> [PROBLEM] What you return must match the listing below line for line, minus its pictures.

> [DATA BELOW]
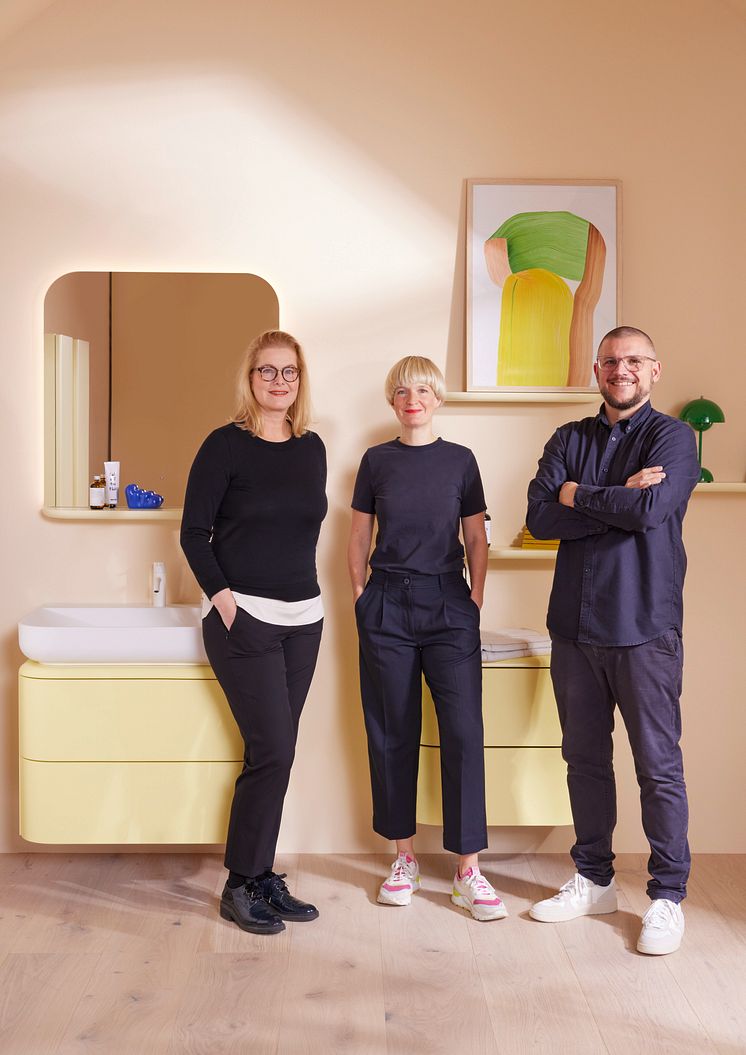 Mit der vom Studio Besau-Marguerre gestalteten Serie b:me setzt burgbad seine Reihe an Designerkollektionen fort. Marketingleiterin Sabine Meissner (links) freut sich über die gute Zusammenarbeit mit Eva Marguerre und Marcel Besau, die das burgbad-Sortiment um eine ungewöhnlich wohnliche, heitere und feminine Kollektion bereichert. (Foto: Anne Deppe; burgbad)
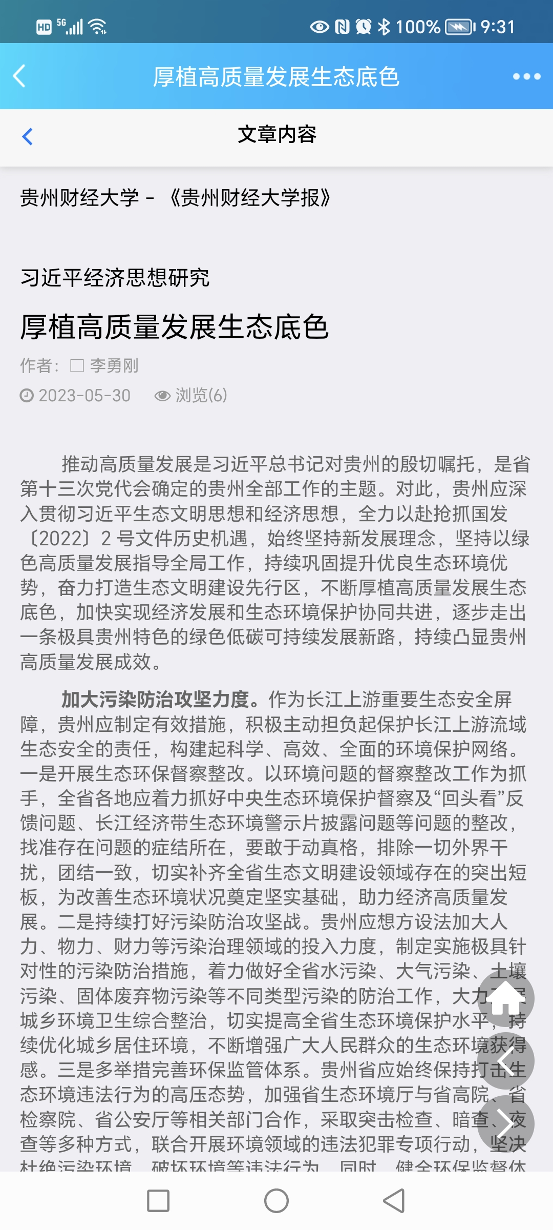 鼓励人民群众广泛参与。良好生态环境是最普惠的民生福祉,贵州应利用各种渠道鼓励广大人民群众参与生态环境保护,不断壮大爱绿、植绿、护绿的力量。一是继续开展“贵州生态日”“生态环境月”等系列活动。通过举办“生态贵州”演讲情景剧比赛、“生态文明”论坛、环保公益艺术作品展、生态诗文朗诵、开放环保公共设施等系列活动,引导广大人民群众参与到环境保护活动中,努力营造生态文明共建共治共享的良好局面。二是加强生态文明宣传教育。充分利用纸质媒体、互联网、广播电视等传统意义上的媒体平台,以及数字广播、移动电视、数字杂志、数字电视、互联网、桌面视窗等新兴媒体平台进行丰富多彩的生态文明科普宣传和舆论引导,营造浓厚的保护生态环境的氛围,提升人们群众的生态意识、节约意识和环保意识,让文明理念内化于心外化于行,引导人民群众将广泛“生态共识”转化为积极“生态行动”,共创绿色低碳美好生活。三是养成生态环境保护观念。安排专门工作人员在社区、街道、休闲街、公园等区域发放环境保护传单、环境保护书刊、环境保护知识手册等相关材料,引导人们更多关注身边的生态环境问题,使广大人民群众真正了解生态环境保护与其身体健康和生活质量的关系,提高人们保护环境的思想境界,逐渐养成生态环境保护观念,也间接督促当地政府将环境保护工作放到更为重要的位置。
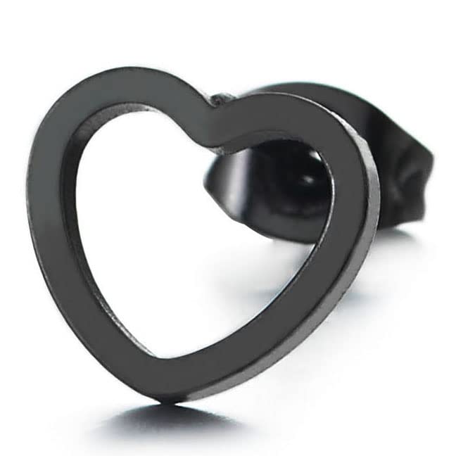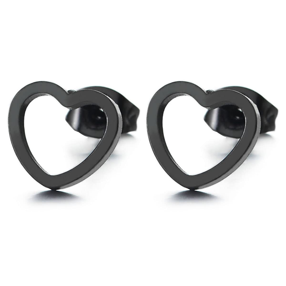 Pair Stainless Steel Womens Small Black Flat Open Heart Stud Earrings - COOLSTEELANDBEYOND Jewelry

> [EXERCISE RESPONSE]
 Mit der vom Studio Besau-Marguerre gestalteten Serie b:me setzt burgbad seine Reihe an Designerkollektionen fort. Marketingleiterin Sabine Meissner (links) freut sich über die gute Zusammenarbeit mit Eva Marguerre und Marcel Besau, die das burgbad-Sortiment um eine ungewöhnlich wohnliche, heitere und feminine Kollektion bereichert. (Foto: Anne Deppe; burgbad)
 鼓励人民群众广泛参与。良好生态环境是最普惠的民生福祉,贵州应利用各种渠道鼓励广大人民群众参与生态环境保护,不断壮大爱绿、植绿、护绿的力量。一是继续开展“贵州生态日”“生态环境月”等系列活动。通过举办“生态贵州”演讲情景剧比赛、“生态文明”论坛、环保公益艺术作品展、生态诗文朗诵、开放环保公共设施等系列活动,引导广大人民群众参与到环境保护活动中,努力营造生态文明共建共治共享的良好局面。二是加强生态文明宣传教育。充分利用纸质媒体、互联网、广播电视等传统意义上的媒体平台,以及数字广播、移动电视、数字杂志、数字电视、互联网、桌面视窗等新兴媒体平台进行丰富多彩的生态文明科普宣传和舆论引导,营造浓厚的保护生态环境的氛围,提升人们群众的生态意识、节约意识和环保意识,让文明理念内化于心外化于行,引导人民群众将广泛“生态共识”转化为积极“生态行动”,共创绿色低碳美好生活。三是养成生态环境保护观念。安排专门工作人员在社区、街道、休闲街、公园等区域发放环境保护传单、环境保护书刊、环境保护知识手册等相关材料,引导人们更多关注身边的生态环境问题,使广大人民群众真正了解生态环境保护与其身体健康和生活质量的关系,提高人们保护环境的思想境界,逐渐养成生态环境保护观念,也间接督促当地政府将环境保护工作放到更为重要的位置。
 Pair Stainless Steel Womens Small Black Flat Open Heart Stud Earrings - COOLSTEELANDBEYOND Jewelry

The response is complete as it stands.